(What is needed) Below are records with pictures. Reproduce exactly the lines from the line with "Aerostar 13x21 1/2x1" to the line with "Prochaine conférence : jeudi", inclusive, and leave each picture out.

(Dataset records)
..............................

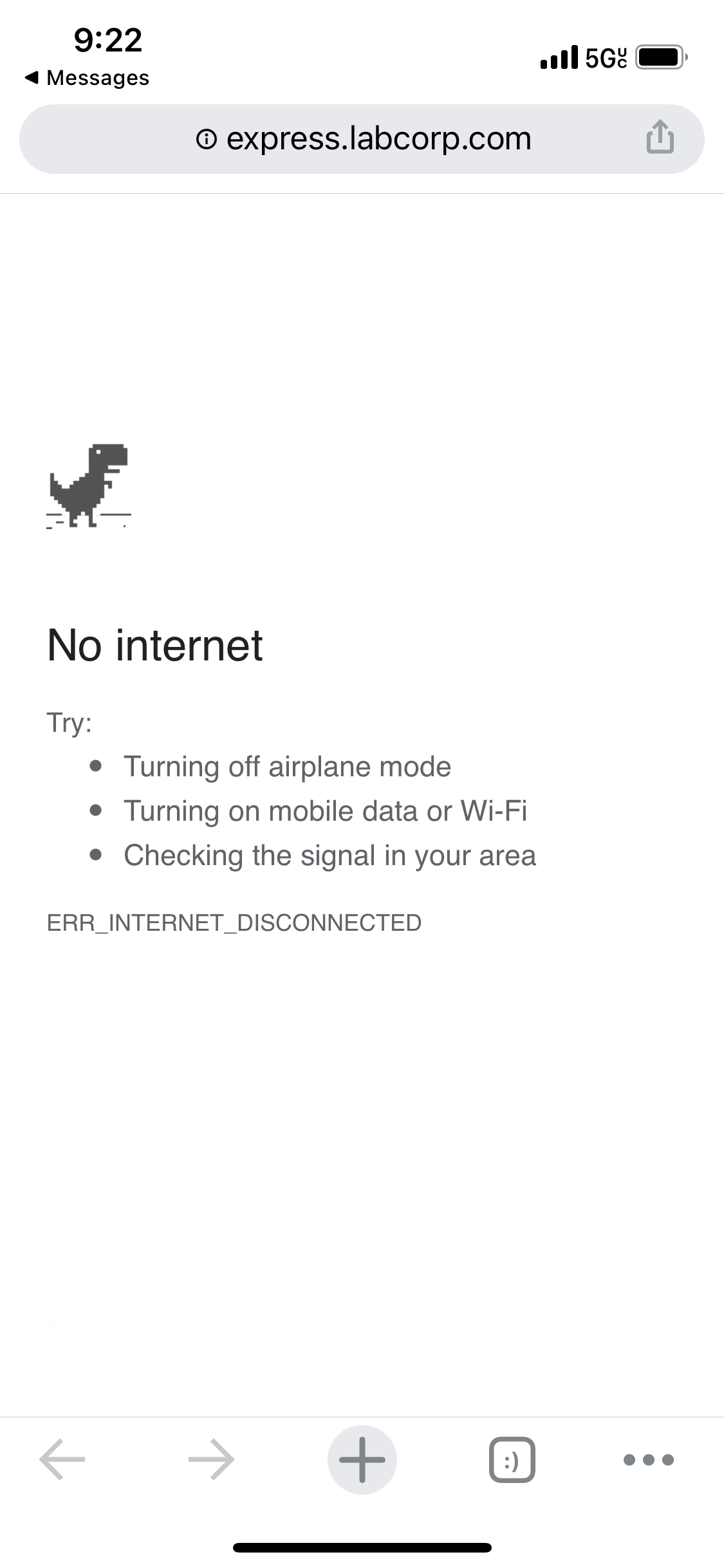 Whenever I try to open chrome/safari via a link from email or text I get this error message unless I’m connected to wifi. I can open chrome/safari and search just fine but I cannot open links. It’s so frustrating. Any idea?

..............................

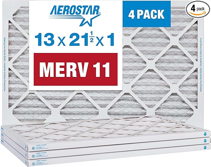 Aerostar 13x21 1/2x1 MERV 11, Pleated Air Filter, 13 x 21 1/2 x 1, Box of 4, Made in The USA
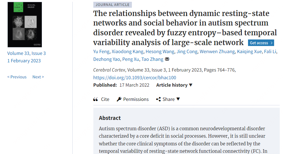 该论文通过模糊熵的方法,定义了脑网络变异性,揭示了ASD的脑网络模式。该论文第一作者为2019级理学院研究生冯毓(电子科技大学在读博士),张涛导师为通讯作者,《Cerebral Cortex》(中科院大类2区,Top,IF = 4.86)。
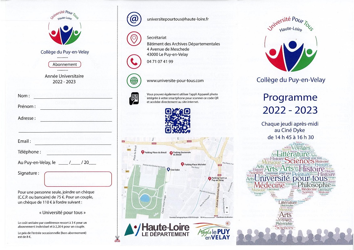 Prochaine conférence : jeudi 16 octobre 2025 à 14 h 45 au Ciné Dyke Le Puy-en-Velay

..............................

(Exercise result)
 Aerostar 13x21 1/2x1 MERV 11, Pleated Air Filter, 13 x 21 1/2 x 1, Box of 4, Made in The USA
 该论文通过模糊熵的方法,定义了脑网络变异性,揭示了ASD的脑网络模式。该论文第一作者为2019级理学院研究生冯毓(电子科技大学在读博士),张涛导师为通讯作者,《Cerebral Cortex》(中科院大类2区,Top,IF = 4.86)。
 Prochaine conférence : jeudi 16 octobre 2025 à 14 h 45 au Ciné Dyke Le Puy-en-Velay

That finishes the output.